Yea Catchers!

By Coach Fox

A catcher is the team leader and should be the spirit of the team, trained to be the coach on the field. Train your catcher to know where the team is, and where the game is, when the intensity of the game has other young players intimidated. Being your team’s catcher is the best, most funnest-of-all, greatest position in all of sports – to be a catcher is a prize in itself.

Hard work and hard play are the trademarks of the catcher. “Owning Home Plate” is an attitude a catcher must embrace, much like owning your first bike. The sooner the catcher absorbs the attitudes of catching, the sooner they become a Diamond Master catcher. Acquiring catching skills is not so much a ball field practice event, as it is a “Life” event. The skills and philosophies that it takes to direct a Win from behind the plate, never leave the catching character.

As a coach, evaluate and determine who has a thick enough skin to be your catcher, as a catcher with great physical catching skills is not going to be a good catcher if they have thin skin. You want a “competitor”, someone who despises, is embarrassed by losing.

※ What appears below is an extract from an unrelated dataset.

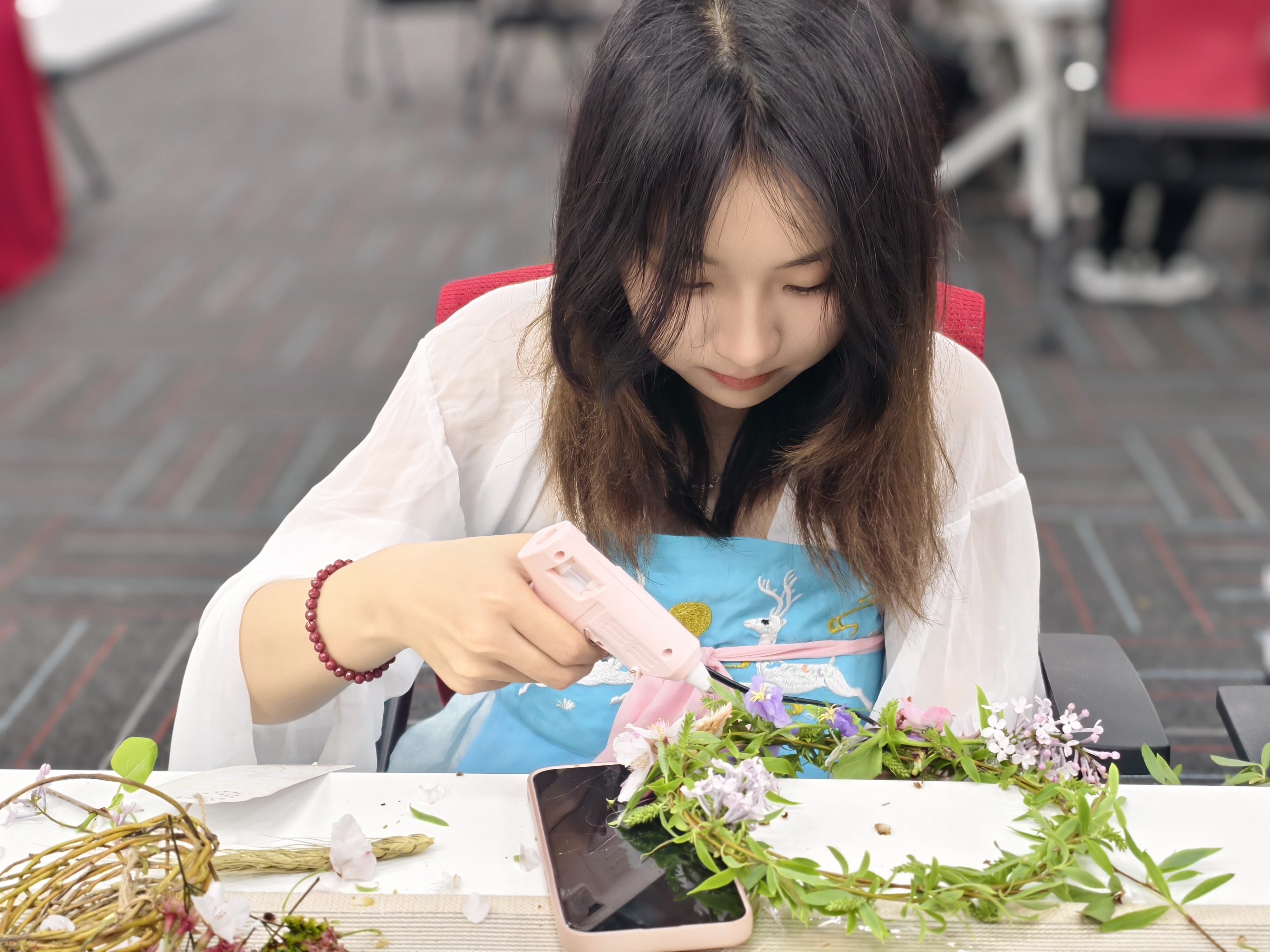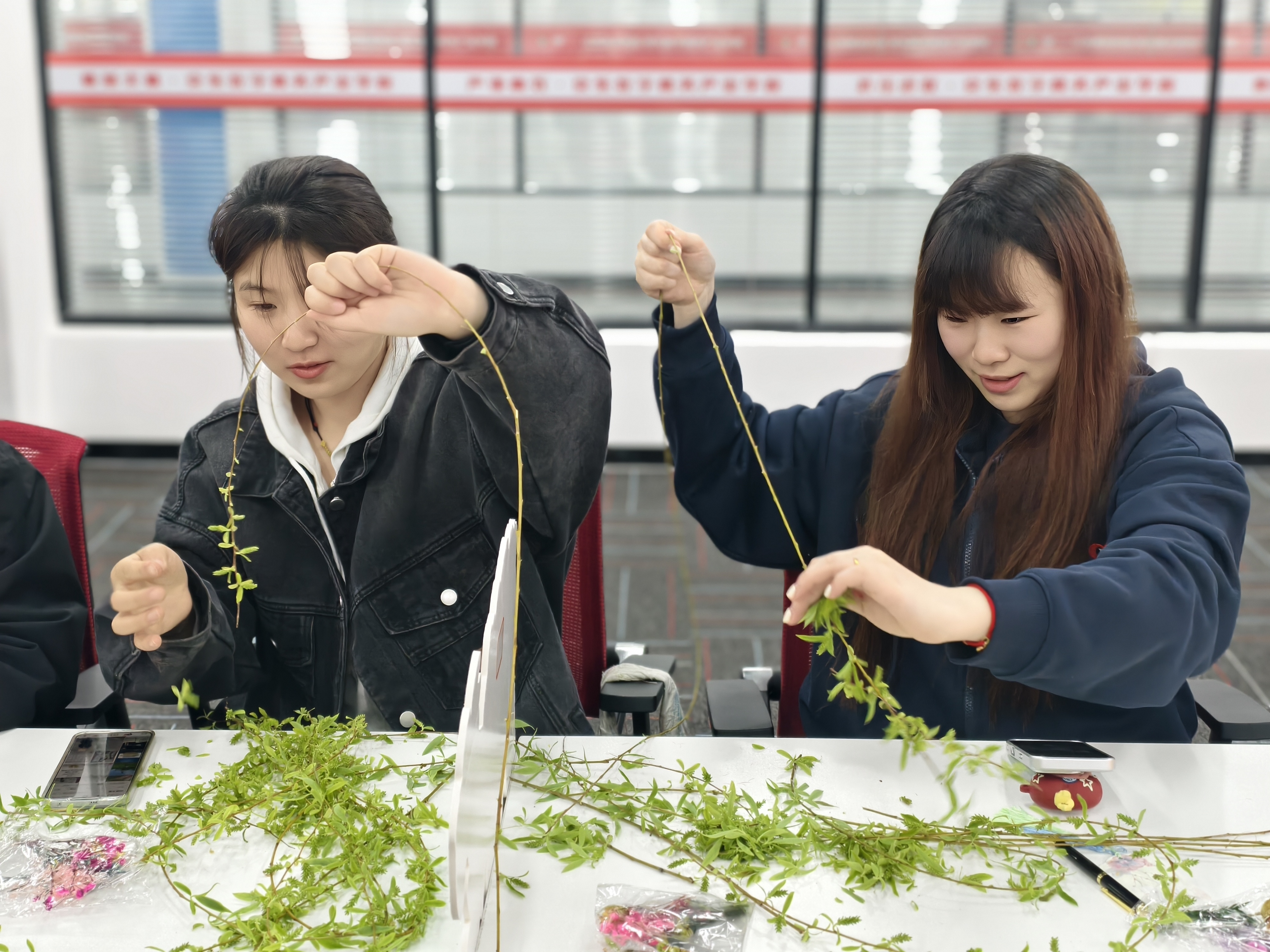 在柳编DIY环节,同学们化身“手艺人”,亲身体验柳编的制作乐趣。柳编编织以经纬交织为核心,大家取粗柳条做经条,交叉固定成“米”字形,再用细柳条做纬条,从交叉点顺时针紧贴缠绕,力求松紧均匀,在指尖的翻飞中逐步勾勒出柳编雏形。待柳编雏形晾干定型后,同学们又用干花、丝带、颜料等工具精心装饰,按需点缀,让朴素的柳编增添了独特韵味,每一件作品都被赋予了专属的心意与温情,成为寄托清明追思的独特载体。

If you have a dominant catcher from the beginning, find the second catcher and have them work together. Have both catchers participate at the plate taking infield. Both catchers should participate in warming-up the game-day pitcher. If the first catcher is late to the plate for the defensive half of the inning, do not have a coach warm-up the pitcher, have the second catcher warm-up the pitcher, no matter his D position.

Train all catchers into a frame of mind to work with the umpires. No one is closer to the umpire than the catcher, and therefore has a chance to make an impression for his team. Help the ump with pitch calling by leaving the pitch where it is caught, so the ump can get a good look, not attempting to drag a ball off the corner, onto the corner for some kind of fake, slight-of-hand catcher-sly trickery.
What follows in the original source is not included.